> _WHAT THE TASK REQUIRES_: Give back each line of the data exactly as it reads, minus the pictures.

> _SOURCE DATA_:
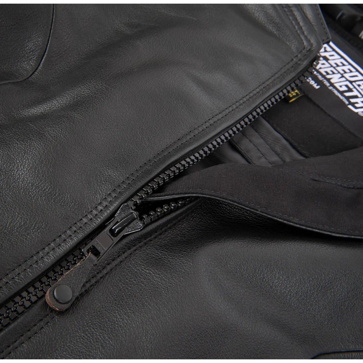 The Speed and Strength® THROTTLE BODY™ jacket has a classic leather styling with modernized details and fit. It has a relaxed, comfortable fit in the shoulders and chest, with a flattering cut down to the hips. Shoulder expansion gussets allow for more range of motion across the shoulders and bust. The addition of lockdown™ waist adjusters help to create a more versatile fit and to boost the protection we've upgraded to the new Vault™ Chain-Link C.E. Level 2 armor in the shoulders and elbows as well as a Vault™ C.E. spine pad. As a bonus, we included our Armed Response™ Concealed Carry pocket.
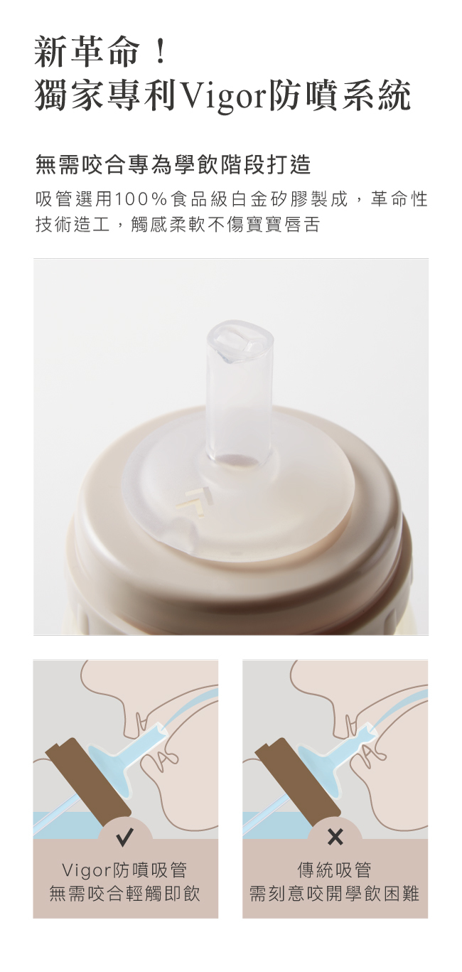 •專為學飲階段打造,輕含住吸管即可飲水,無需用力咬合。
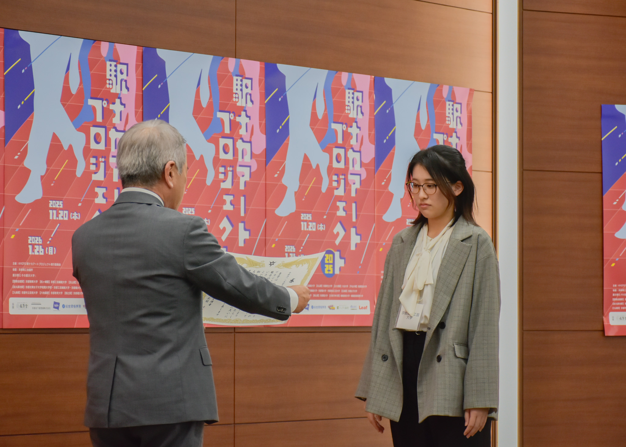 12月18日(木)、京都東山キャンパス KYOBIホールにおいて、「KYOTO駅ナカアートプロジェクト2025」(主催:KYOTO駅ナカアートプロジェクト実行委員会)のジョイントミーティングおよび感謝状贈呈式が行われました。

> _ANSWER SECTION_:
 The Speed and Strength® THROTTLE BODY™ jacket has a classic leather styling with modernized details and fit. It has a relaxed, comfortable fit in the shoulders and chest, with a flattering cut down to the hips. Shoulder expansion gussets allow for more range of motion across the shoulders and bust. The addition of lockdown™ waist adjusters help to create a more versatile fit and to boost the protection we've upgraded to the new Vault™ Chain-Link C.E. Level 2 armor in the shoulders and elbows as well as a Vault™ C.E. spine pad. As a bonus, we included our Armed Response™ Concealed Carry pocket.
 •專為學飲階段打造,輕含住吸管即可飲水,無需用力咬合。
 12月18日(木)、京都東山キャンパス KYOBIホールにおいて、「KYOTO駅ナカアートプロジェクト2025」(主催:KYOTO駅ナカアートプロジェクト実行委員会)のジョイントミーティングおよび感謝状贈呈式が行われました。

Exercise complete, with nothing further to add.